BFloat16 is not supported on MPS (MacOs)

2.2k Views Asked by At

I accessed a Llama-based model on Huggingface named: "LeoLM/leo-hessianai-7b-chat". I downloaded the model on my Mac with the device set as 'MPS'. The download worked, however when I want to test the model I get following error:

TypeError: BFloat16 is not supported on MPS

Above I see the hint:

FP4 quantization state not initialized.

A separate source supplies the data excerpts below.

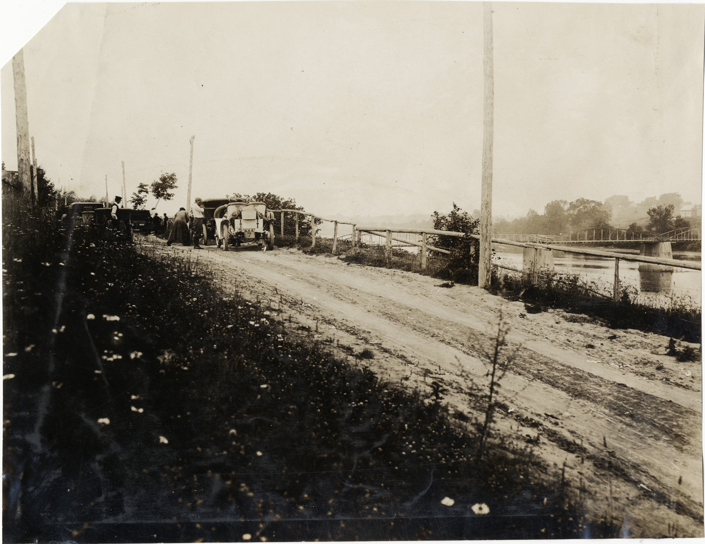 View of motorists with cars on the side of a rural dirt road during the 1906 Glidden Tour. River and bridge in background. Stamped on back: "F. Ed. Spooner, and Chas. S. Wells. Motor News, Motor Photos, Motor Adv, 1536 B'way, New York. Tel 6536-38th St." Handwritten on back: "Tours--Glidden Tour, 1906."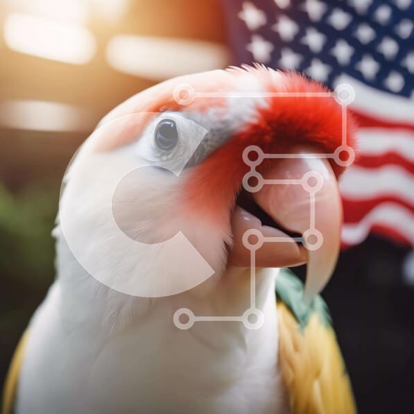 Υπάρχει δυνατότητα προσωποποίησης με δική σας φωτογραφία και προσαρμογής διαστάσεων κατόπιν παραγγελίας. Το συγεκεριμενο Puzzle 10x10 cm – 25 κομμ παρουσιαζει Η εικόνα δείχνει έναν λευκό και κόκκινο παπαγάλο να στέκεται μπροστά από μια αμερικανική σημαία. Το κεφάλι του πουλιού γέρνει ελαφρά στο πλάι, υποδηλώνοντας ότι είναι στραμμένο μακριά από την κάμερα. Φαίνεται επίσης να κοιτάζει απευθείας τον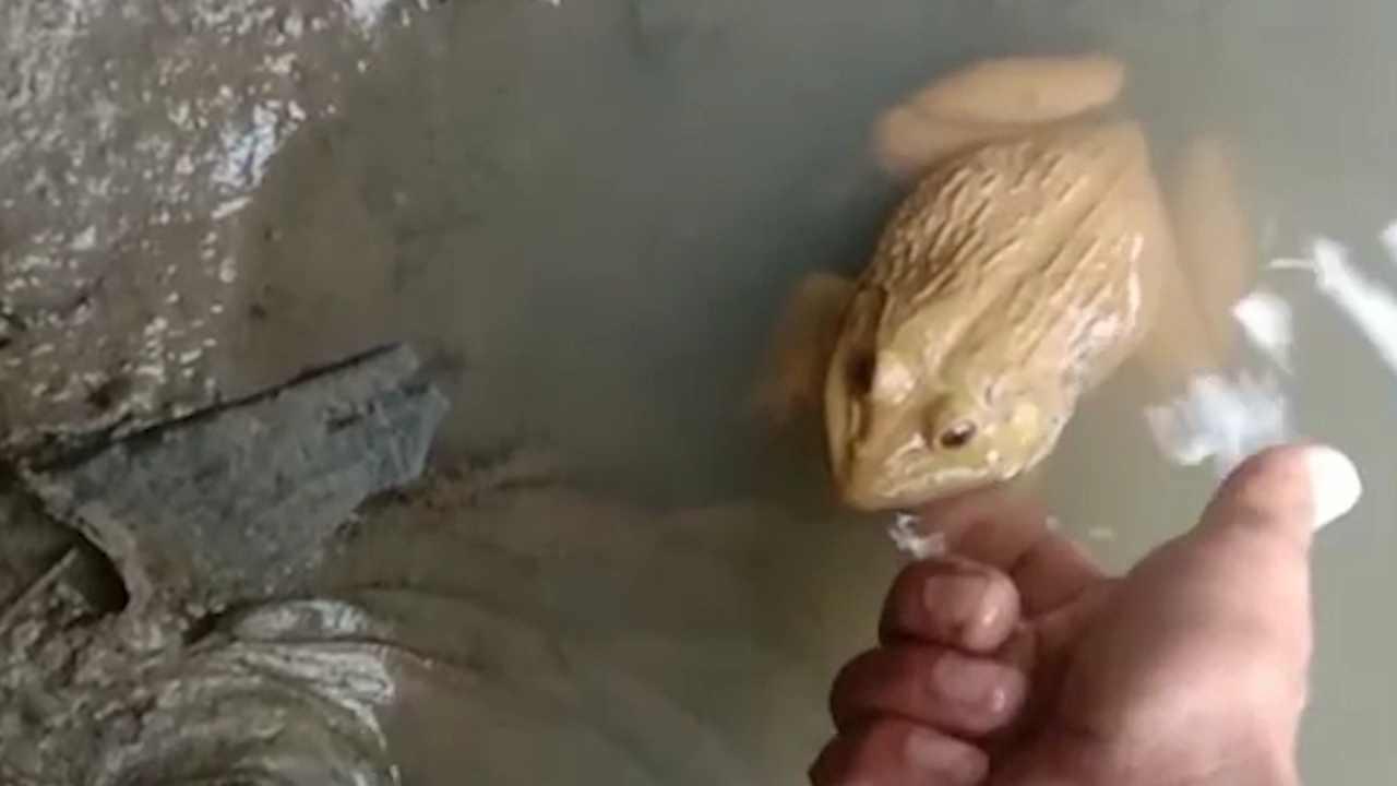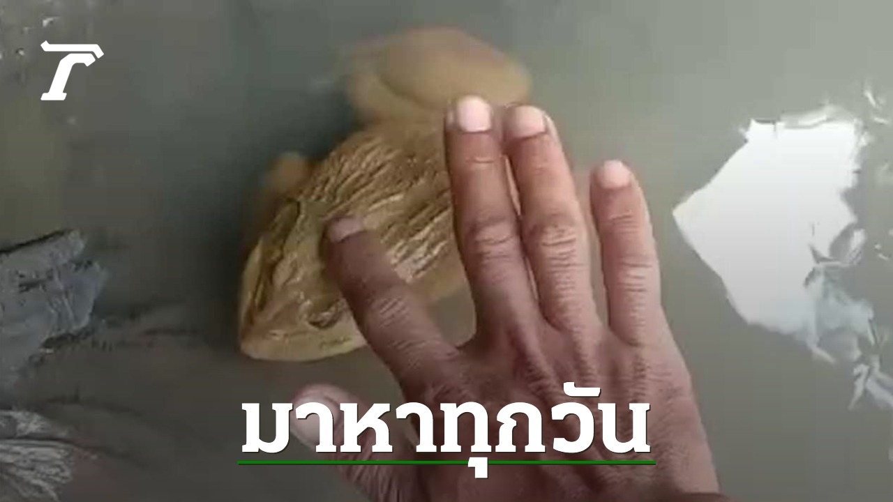 กบสีทองแสนเชื่อง ลอยคอว่ายน้ำมาให้ผู้ใหญ่บ้านลูบหัวเกาคาง เผยมาทุกเช้าช่วง 6 โมง รอกินอาหารแมว กินอิ่มแล้วดำน้ำหายไปมาใหม่วันรุ่งขึ้น ชาวบ้านทราบข่าวแวะเวียนมาดู เชื่อมาให้โชค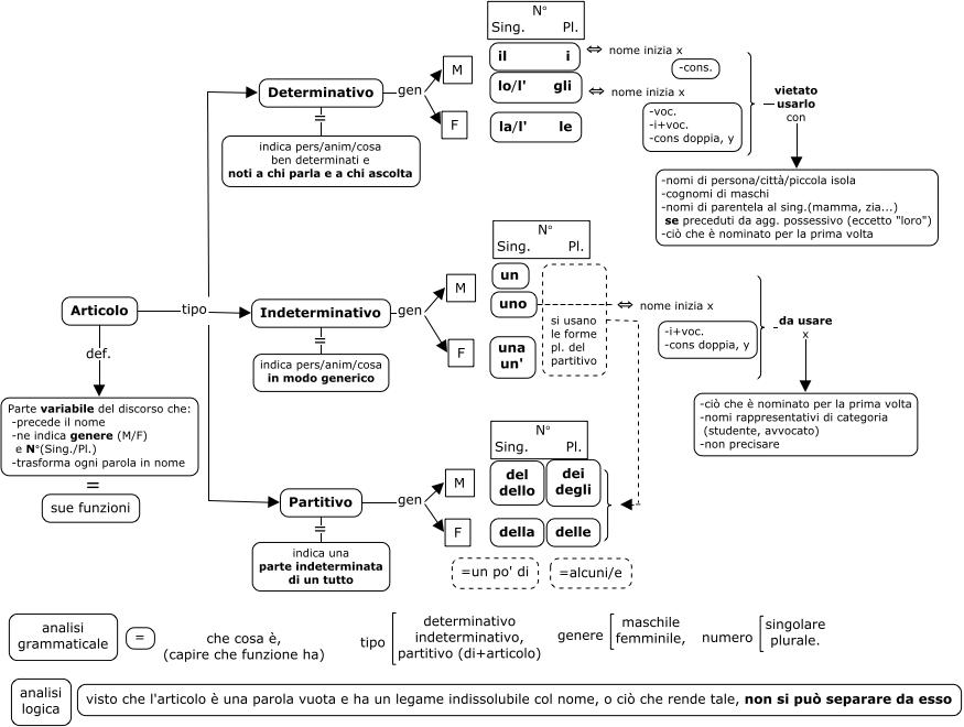 </mtext> </mfenced> </mrow> </math> vietato usarlo con -nomi di persona/città/piccola isola -cognomi di maschi -nomi di parentela al sing.(mamma, zia...) se preceduti da agg. possessivo (eccetto "loro") -ciò che è nominato per la prima volta, Articolo tipo Indeterminativo, Partitivo = indica una parte indeterminata di un tutto, uno ⇔ nome inizia x -i+voc. -cons doppia, y, Parte variabile del discorso che: -precede il nome -ne indica genere (M/F) e N°(Sing./Pl.) -trasforma ogni parola in nome = sue funzioni, Determinativo gen F, Partitivo gen F, uno ⇔ nome inizia x -i+voc. -cons doppia, y, Indeterminativo gen F, Articolo tipo Partitivo, Indeterminativo = indica pers/anim/cosa in modo generico, si usano le forme pl. del partitivo . <math xmlns="http://www.w3.org/1998/Math/MathML"> <mrow> <mfenced open="" close="}"> <mtext>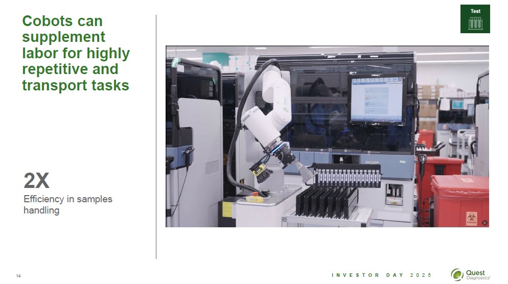 13 INVESTOR DAY 2025 Quest Diagnostics Test Our automated accessioning station will dramatically speed up specimen management 3X Increase in departmental productivity
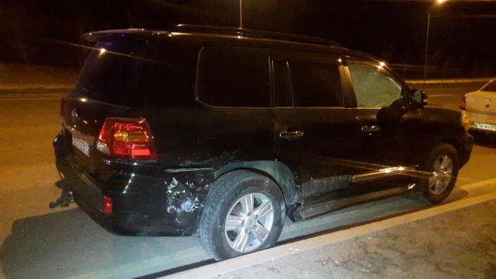 На пересечении улиц Момышулы и Жана жол столкнулись Toyota Land Cruiser и Daewoo Nexia. По словам очевидцев, внедорожник с прицепом двигался в южном направлении по Момышулы и готовился совершить левый поворот. В этот момент в него на полном ходу врезалась Daewoo Nexia, которая двигалась на север по Момышулы.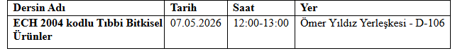30.04.2026 tarihindeki “ECH 2004 kodlu Tıbbi Bitkisel Ürünler” dersi işlenemeyeceğinden, ilgili dersin telafisi tabloda belirtilen gün ve saatte yapılacaktır.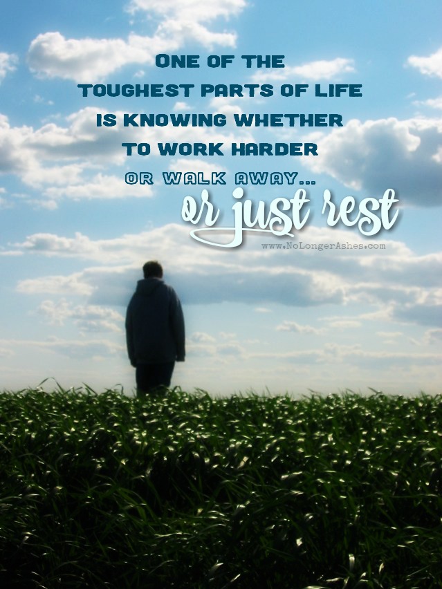 “One of the toughest parts of life is knowing whether to work harder or walk away.”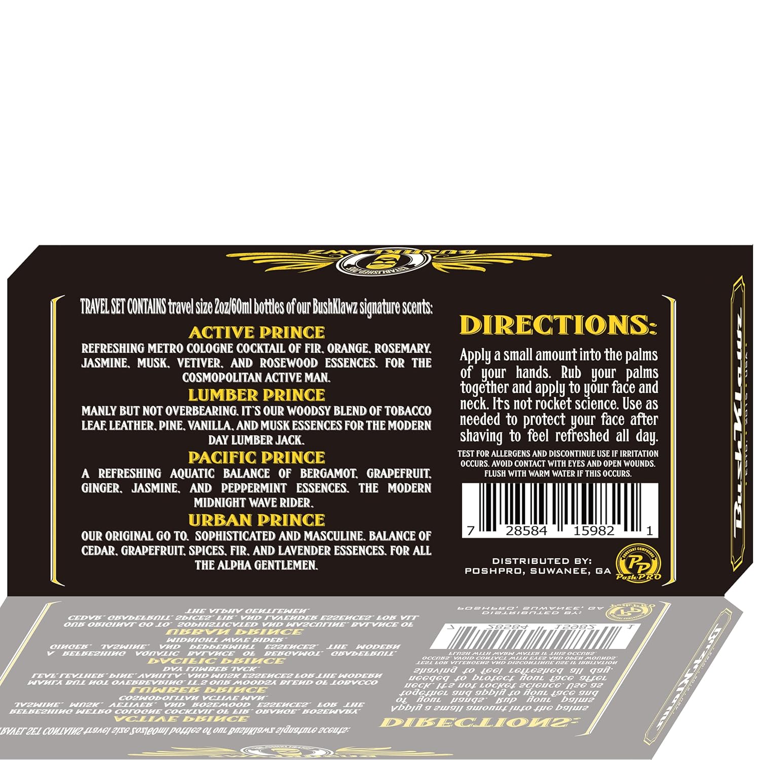 - Contains 2oz travel size sampler bottles of each of our famous BushKlawz Scents: Active, Lumber, Pacific, & Urban. If you can't decide on a scent, this is the go to.

Please call .cuda() or .to(device) on the LinearFP4 layer first.

Here is my code:

from torch import cuda, bfloat16
import transformers

device = torch.device("mps")

model_id = 'LeoLM/leo-hessianai-7b-chat'

#device = f'cuda:{cuda.current_device()}' if cuda.is_available() else 'cpu'

# set quantization configuration to load large model with less GPU memory
# this requires the `bitsandbytes` library
bnb_config = transformers.BitsAndBytesConfig(
    load_in_4bit=True,
    bnb_4bit_quant_type='nf4',
    bnb_4bit_use_double_quant=True,
    bnb_4bit_compute_dtype=bfloat16
)

# begin initializing HF items, need auth token for these
hf_auth = 'HF_KEY'
model_config = transformers.AutoConfig.from_pretrained(
    model_id,
    use_auth_token=hf_auth
)

model = transformers.AutoModelForCausalLM.from_pretrained(
    model_id,
    trust_remote_code=False, # True for flash attention
    config=model_config,
    quantization_config=bnb_config,
    device_map='auto',
    use_auth_token=hf_auth
)
model.eval()
print(f"Model loaded on {device}")

tokenizer = transformers.AutoTokenizer.from_pretrained(
    model_id,
    use_auth_token=hf_auth
)

generate_text = transformers.pipeline(
    model=model, tokenizer=tokenizer,
    return_full_text=True,  # langchain expects the full text
    task='text-generation',
    # we pass model parameters here too
    temperature=0.0,  # 'randomness' of outputs, 0.0 is the min and 1.0 the max
    max_new_tokens=512,  # mex number of tokens to generate in the output
    repetition_penalty=1.1  # without this output begins repeating
)

res = generate_text("Explain the difference between a country and a continent.")
print(res[0]["generated_text"])

What do i need to change to make it run?

1

There are 1 best solutions below

0
On

Use the nightly build of pytorch.

pip3 install --pre torch torchvision torchaudio --index-url https://download.pytorch.org/whl/nightly/cpu

Official source: https://pytorch.org/get-started/locally/